Leo wird immer ganz ruhig, wenn er Leute herumkommandiert, ruhig, leise und ganz sachlich. Aber auch unmissverständlich. Deswegen übernimmt er auch meistens die Teamleitung bei Fällen.

Wenn Leo sagt, sie machen das jetzt, machen sie das eben jetzt.
 

„Ich will nichts beweisen“, sagt Adam. „Nicht den Kollegen. Die meisten fanden mich doch schon vorher schräg. Find ich es toll, dass jetzt alle darüber reden, dass mein Vater ein Soziopath war, der mich so sehr gehasst hat, dass er noch kurz vor seinem Ableben versucht hat mir einen Mord anzuhängen? Nein.
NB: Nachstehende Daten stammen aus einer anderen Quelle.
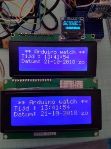 LCD / OLE LED LCD RTC (I2C) voorbeeld programma Omschrijving Toepassing van I2C bus, meerdere modules op 4 draden. (5V, GND en 2 data lijnen) Het projectje bestaat uit de volgende onderdelen:1x Arduino nano1x RTC Clock module1x OLE LED display (128×64) 2x LCD display (20×4)Alle onderdelen worden aangesloten op de I2C bus. (het OLE LED display bevat al 2 pull-up weerstanden, dus deze zijn niet nodig. Schema Downloads Download code voorbeeld: LCD & OLED display demo (0 downloads )
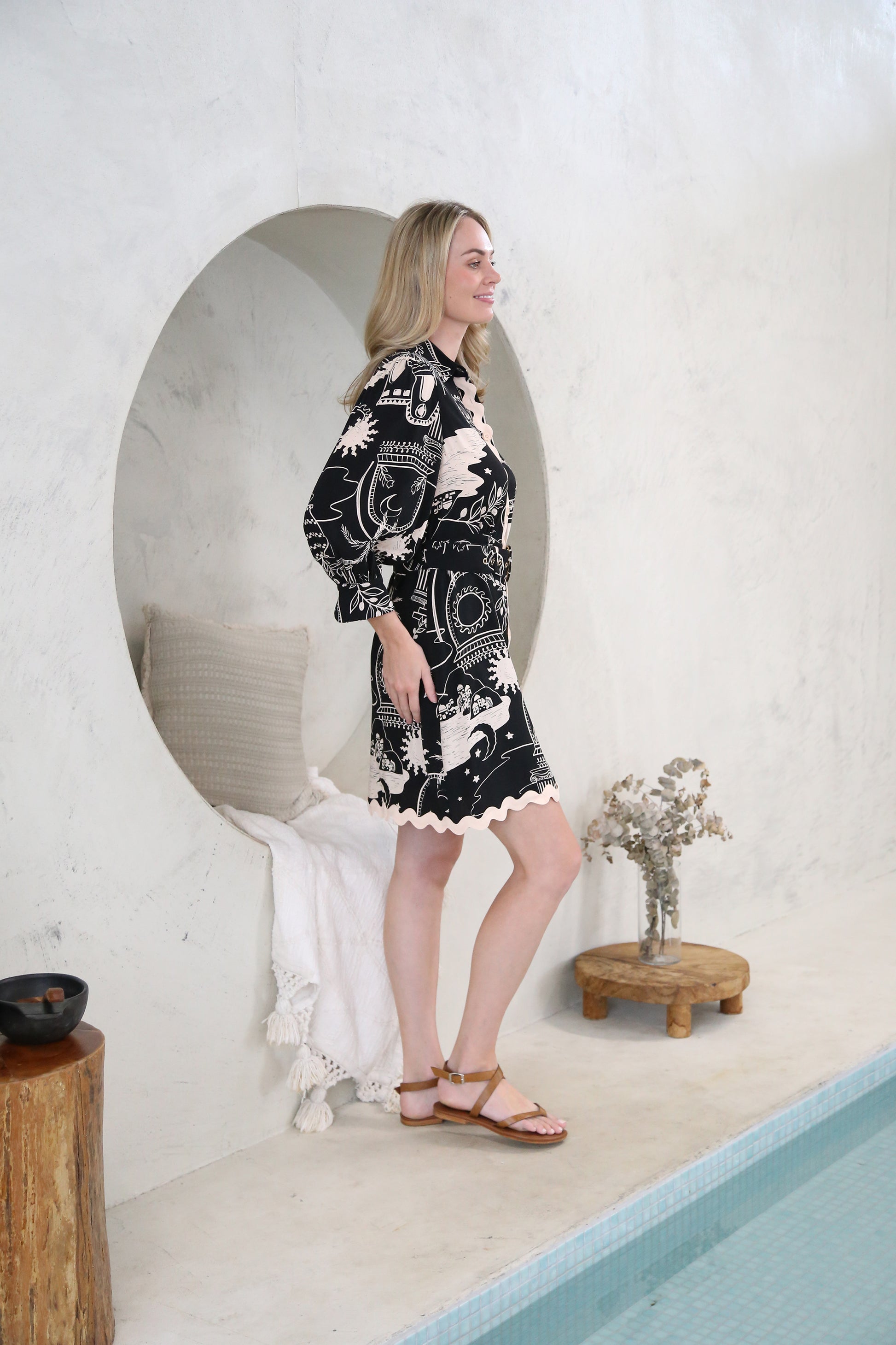 Cute mid season dress with a lined skirt. Elastic cuff 3/4 sleeve and cinches in at the waist with a fabric belt. Great trans seasonal piece.

Aber deswegen will ich mich nicht den Rest meines Lebens verstecken.“

Das hat er immerhin schonmal getan. Weglaufen. Sich verstecken.

15 Jahre lang.
 

Leo wendet den Kopf. Sein Gesicht ist ernst, seine Augen laserfokussiert als sei das ein Verhör. Und genau wie in einem Verhör zoomt seine Aufmerksamkeit sofort auf das Wesentliche. „Wieso denkst du, dass sie über dich reden? Hat jemand was zu dir gesagt? Hat irgendjemand…?“
 

„Nein.“ Adam zupft mit den Fingerspitzen an seinem Gips. „Niemand hat mit mir geredet. Und das bietet sich nicht so an, um es auf Gute Besserungs-Karten zu schreiben, weißt du? Zu lang.“
 

Er hat tatsächlich Karten bekommen. Zwei von Pia. Eine von Esther. Vom Chef eine extrem pflichtschuldige und sehr peinlich berührte. Und zwei von Kollegen, mit denen er noch nie mehr als drei Sätze gewechselt hat (und die waren vermutlich: „Ich brauch das für die Akten.“, „Wo ist der verdammte Haftbefehl?“ und „Kannst du mal die Fresse halten?“). Es waren sogar nette Karten.
 

Das bedeutet nicht, dass sie nicht über ihn reden. Sie reden mit Sicherheit über ihn und soweit er das einschätzen kann, bewegen sich die Meinungen zu seinem Fall irgendwo zwischen Mitleid und Verachtung. Mitleid, weil er so ein „armes Opfer“ ist und Verachtung, weil seine Familie offenbar deutlich abgefuckter ist als der Durchschnitt. Nicht zu vergessen - das geheuchelte Entsetzen, hinter dem sich kaum verhohlene Schaulust verbirgt.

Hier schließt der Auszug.